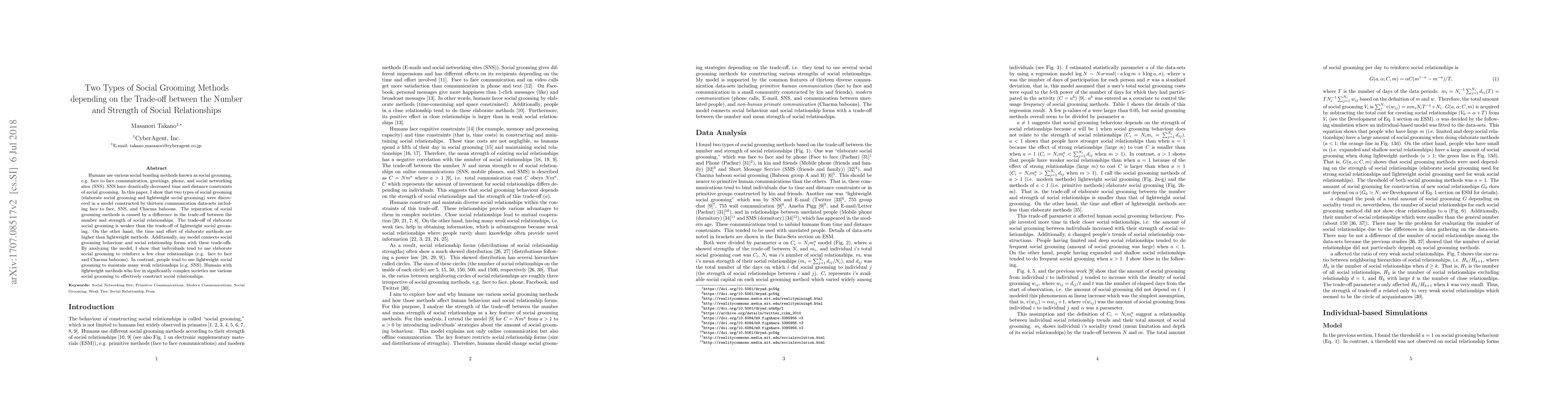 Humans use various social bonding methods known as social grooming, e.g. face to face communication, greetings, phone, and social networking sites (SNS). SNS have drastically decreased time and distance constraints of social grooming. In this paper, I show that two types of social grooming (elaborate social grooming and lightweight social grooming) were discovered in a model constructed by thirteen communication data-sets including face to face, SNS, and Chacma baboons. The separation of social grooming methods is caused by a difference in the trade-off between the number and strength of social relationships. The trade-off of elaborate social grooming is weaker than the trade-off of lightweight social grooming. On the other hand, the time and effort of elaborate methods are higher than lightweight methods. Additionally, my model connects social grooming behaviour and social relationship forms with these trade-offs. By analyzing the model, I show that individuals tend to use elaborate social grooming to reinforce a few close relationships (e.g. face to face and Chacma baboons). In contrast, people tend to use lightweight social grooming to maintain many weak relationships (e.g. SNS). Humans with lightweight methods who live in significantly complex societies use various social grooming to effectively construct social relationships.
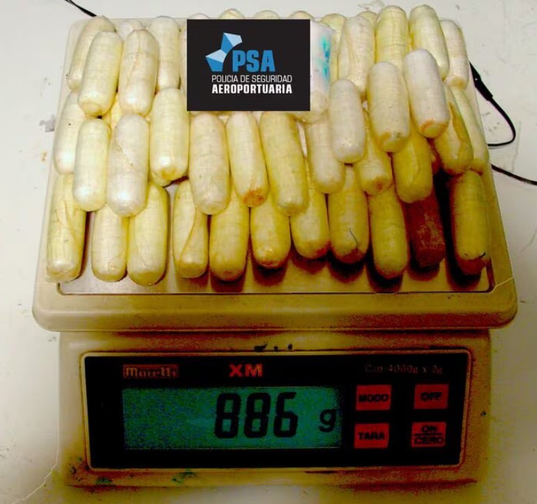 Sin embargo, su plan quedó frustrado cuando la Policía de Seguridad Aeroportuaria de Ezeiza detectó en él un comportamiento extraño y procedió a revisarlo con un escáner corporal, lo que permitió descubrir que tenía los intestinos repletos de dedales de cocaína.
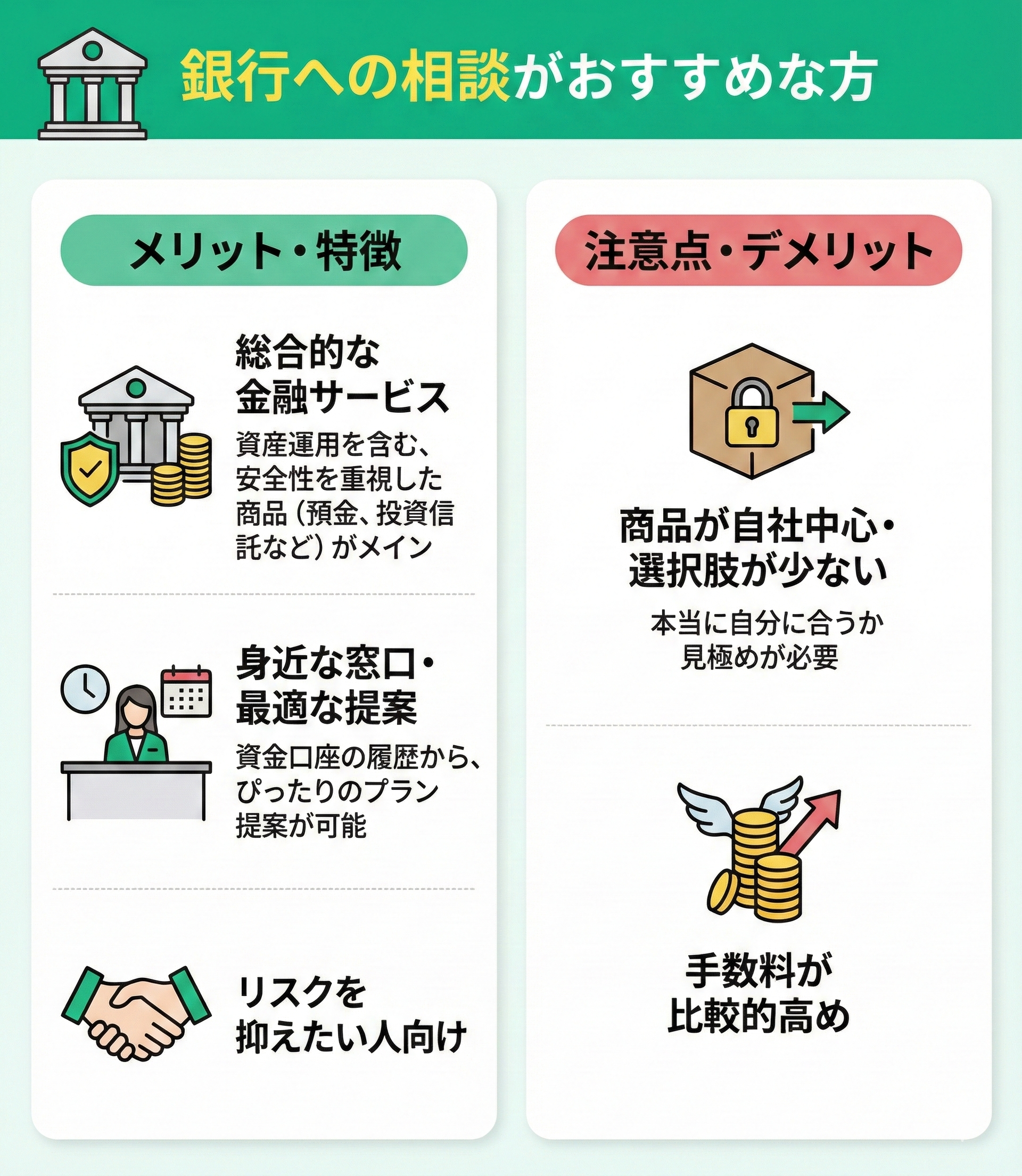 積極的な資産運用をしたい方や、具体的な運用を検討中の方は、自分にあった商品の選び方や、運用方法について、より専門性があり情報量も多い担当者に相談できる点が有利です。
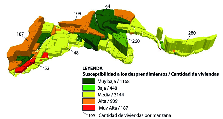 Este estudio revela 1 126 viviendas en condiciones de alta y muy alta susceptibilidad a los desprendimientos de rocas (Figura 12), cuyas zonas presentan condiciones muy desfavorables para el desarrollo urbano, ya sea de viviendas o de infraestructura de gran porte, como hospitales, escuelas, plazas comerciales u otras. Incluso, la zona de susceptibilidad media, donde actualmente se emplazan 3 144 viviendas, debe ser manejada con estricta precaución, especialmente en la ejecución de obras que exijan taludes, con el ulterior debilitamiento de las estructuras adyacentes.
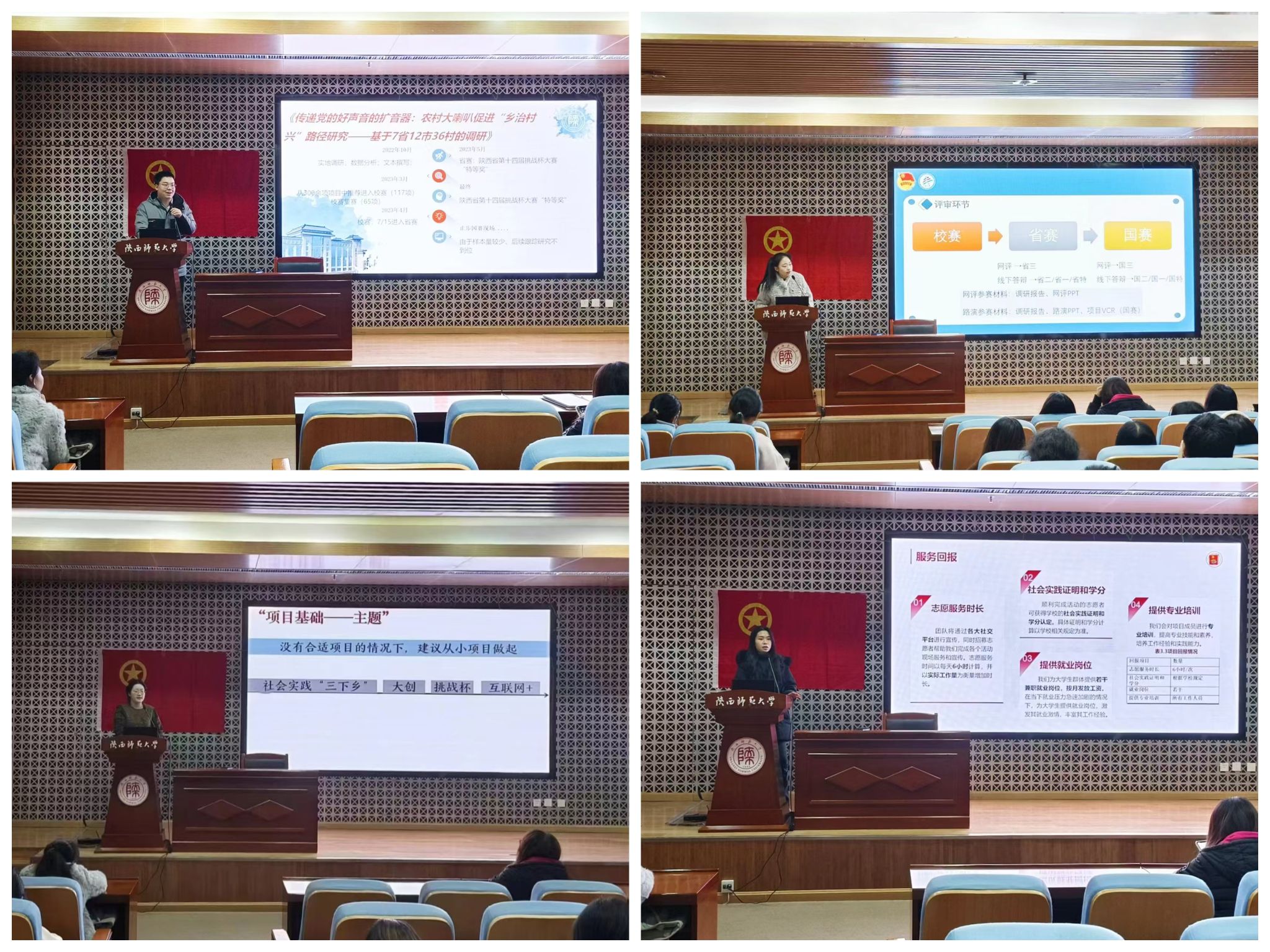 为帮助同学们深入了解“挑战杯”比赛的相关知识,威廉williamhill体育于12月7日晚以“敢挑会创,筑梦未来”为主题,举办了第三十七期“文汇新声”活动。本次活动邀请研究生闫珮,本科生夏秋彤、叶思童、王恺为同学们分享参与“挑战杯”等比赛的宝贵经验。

...

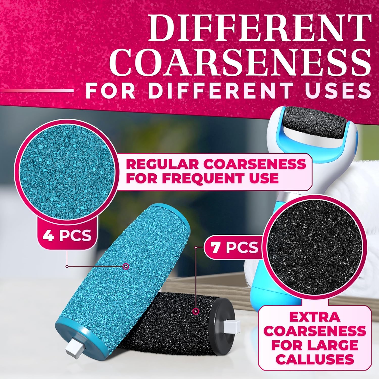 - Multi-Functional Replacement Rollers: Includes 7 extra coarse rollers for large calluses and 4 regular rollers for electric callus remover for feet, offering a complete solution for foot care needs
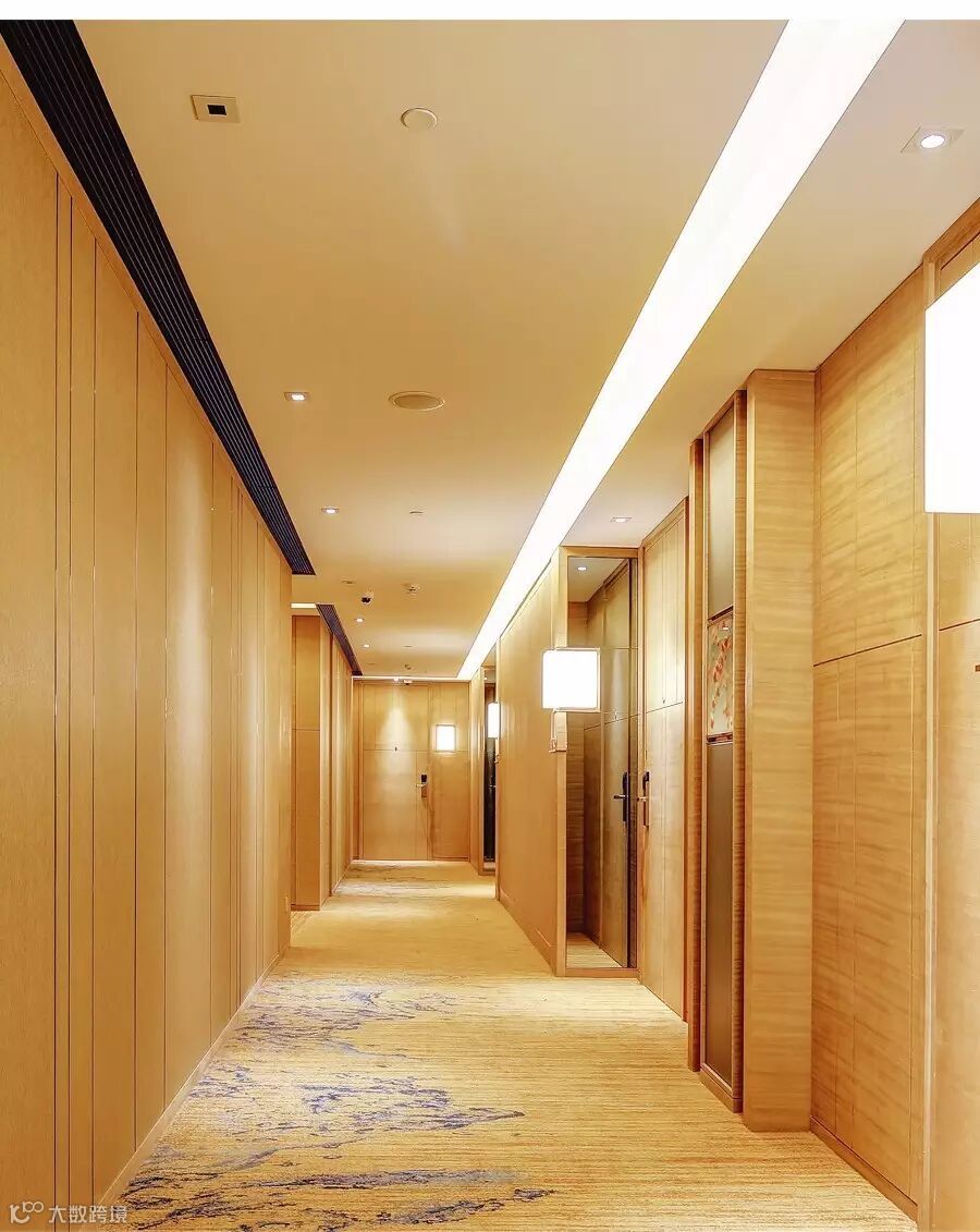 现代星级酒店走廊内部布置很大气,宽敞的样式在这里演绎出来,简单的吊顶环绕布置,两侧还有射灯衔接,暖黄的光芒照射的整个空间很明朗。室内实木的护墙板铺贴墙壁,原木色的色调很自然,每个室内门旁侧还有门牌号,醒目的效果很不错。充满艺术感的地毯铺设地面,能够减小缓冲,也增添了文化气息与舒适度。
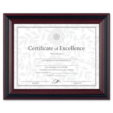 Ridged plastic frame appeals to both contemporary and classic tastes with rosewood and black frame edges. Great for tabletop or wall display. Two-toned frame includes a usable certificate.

* * *

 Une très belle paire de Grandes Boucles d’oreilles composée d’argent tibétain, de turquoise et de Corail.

REQUIRED WORK: Within the data above, repeat exactly the lines from the one bearing "现代星级酒店走廊内部布置很大" through the one bearing "Ridged plastic frame". Include no pictures and nothing else.

PROBLEM SOLUTION:
 现代星级酒店走廊内部布置很大气,宽敞的样式在这里演绎出来,简单的吊顶环绕布置,两侧还有射灯衔接,暖黄的光芒照射的整个空间很明朗。室内实木的护墙板铺贴墙壁,原木色的色调很自然,每个室内门旁侧还有门牌号,醒目的效果很不错。充满艺术感的地毯铺设地面,能够减小缓冲,也增添了文化气息与舒适度。
 Ridged plastic frame appeals to both contemporary and classic tastes with rosewood and black frame edges. Great for tabletop or wall display. Two-toned frame includes a usable certificate.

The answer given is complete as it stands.